Это сильный, жестокий и полезный кусок. Хотел его сократить, а потом раздумал. Даже если боль и смерть изольются серным дождем не на Отечество или не при нашей земной жизни, на наши кости, — все равно правильные слова. Думаю, подобный способ контактировать с искусством — способ наилучший. Похоже, во время просмотров Егор зачастую медитирует, целенаправленно отыскивая в кинокартинах эквиваленты своим заветным соображениям.
«Что делает „Тараса Бульбу“ Бортко не рядовым фильмом, не заказной поделкой к юбилею и формальной программе патриотического воспитания…, — это именно научение правильной смерти, умение жертвовать собою ради того, ради чего стоит жертвовать, а ради остального жертвовать другими, это умение драться до последнего и, уходя, принести себя в благоугодное всесожжение Богу.
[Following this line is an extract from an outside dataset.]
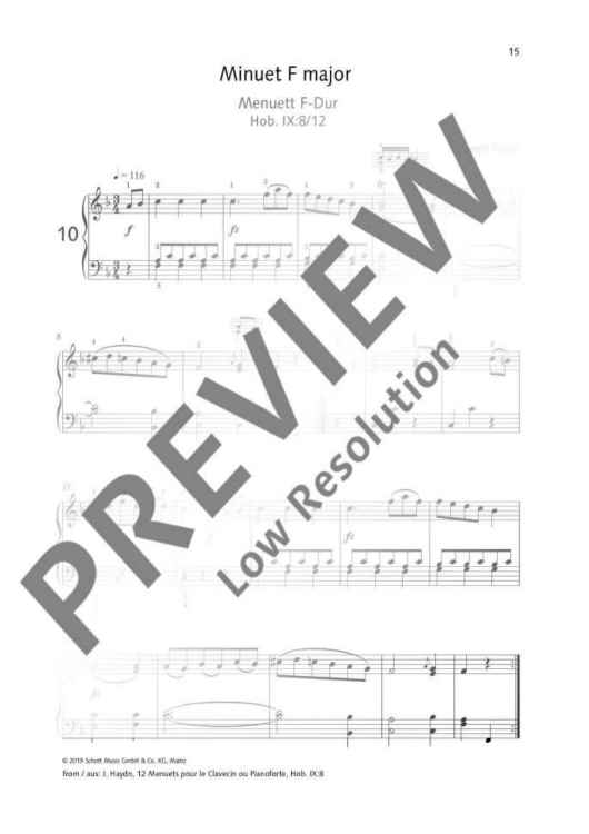 The three-volume collection Mini Maestro presents little piano pieces advancing progressively from very easy to intermediate level, presented in chronological order across five centuries from the Baroque, Classical, Romantic and Modern eras through to jazz, pop and minimal music. At the end of each volume – under the heading More fun to play together – there are three additional pieces for piano duet. All the pieces are easy to learn and offer varied repertoire as an ideal supplement to any piano tutorial method with music suitable for concert performance, tuition purposes, examinations and competitions. Book 1 contains pieces in the five-finger range at various pitches, followed by pieces spanning an octave range with simple rhythms and easy chord sequences. Also featured are differing styles of articulation, melody in the left hand, octave or ottava signs, pieces in major and minor keys with key signatures of up to one sharp or flat. Book 2 contains pieces with an extended range of two octaves and chord sequences with three or four parts, including inversions. Other features include using the pedal, simple ornaments, basic polyphony, differentiating melody and accompaniment, pieces in major and minor keys with key signatures of up to two sharps or flats. Book 3 contains pieces with a range of up to four octaves with more demanding rhythms and speeds. Also included are subtle contrasts in tone, playing with expression, playing more than one part with one hand and advanced polyphony in major and minor keys with key signatures of up to three sharps or flats.

Этот фильм о том, что лишь за Веру, Отчизну и товарищество можно умереть хорошо, а за все остальное не достанет мышиной натуры для доброй смерти…», — вдруг начинается новое интересное. Теперь уже, по-прежнему понимая пафос Холмогорова, не разделяю его. Как только перестаю различать в рядах «своих» конкретные лица, как только богатыри слипаются в войско, перестаю соинтонировать.
Во время чтения рецензий было интересно отслеживать собственное равнодушие. Не неприятие, ибо, повторюсь, сама судьба объединила меня с автором на одной социокультурной и даже политической платформе, а именно равнодушие. Разобраться с этим феноменом необходимо.
Предваряя предложение написать предисловие, Егор определил меня в «левые», но это, полагаю, не так. Я человек социально настолько незначительный, что никакие общие категории в мое тело попросту не вмещаются. Исхожу единственно из своего маленького опыта и здравого смысла.
Я не могу, поэтому, солидаризироваться с какими бы то ни было претензиями в адрес Запада и американцев. США — единственная страна, где я, пускай кратковременно, побывал, и меня приятно удивило отсутствие там априорных претензий ко мне со стороны случайных людей. В американском кино я тоже всегда встречаю набор проблем, ситуаций и человеческих типов, которые мне понятны, которые, более того, мне многое про меня самого объясняют.
И наоборот, начиная с эпохи поздней перестройки, я ощущал нашествие образности специфического типа, которая, считаю, есть слегка превращенная форма дореволюционного барства. «Барин вернулся!» — то и дело восклицал я то про себя, а то вслух, когда в 90-е сталкивался с московскими проявлениями, которые еще несколько лет назад, даже и при кризисной советской власти были невозможны.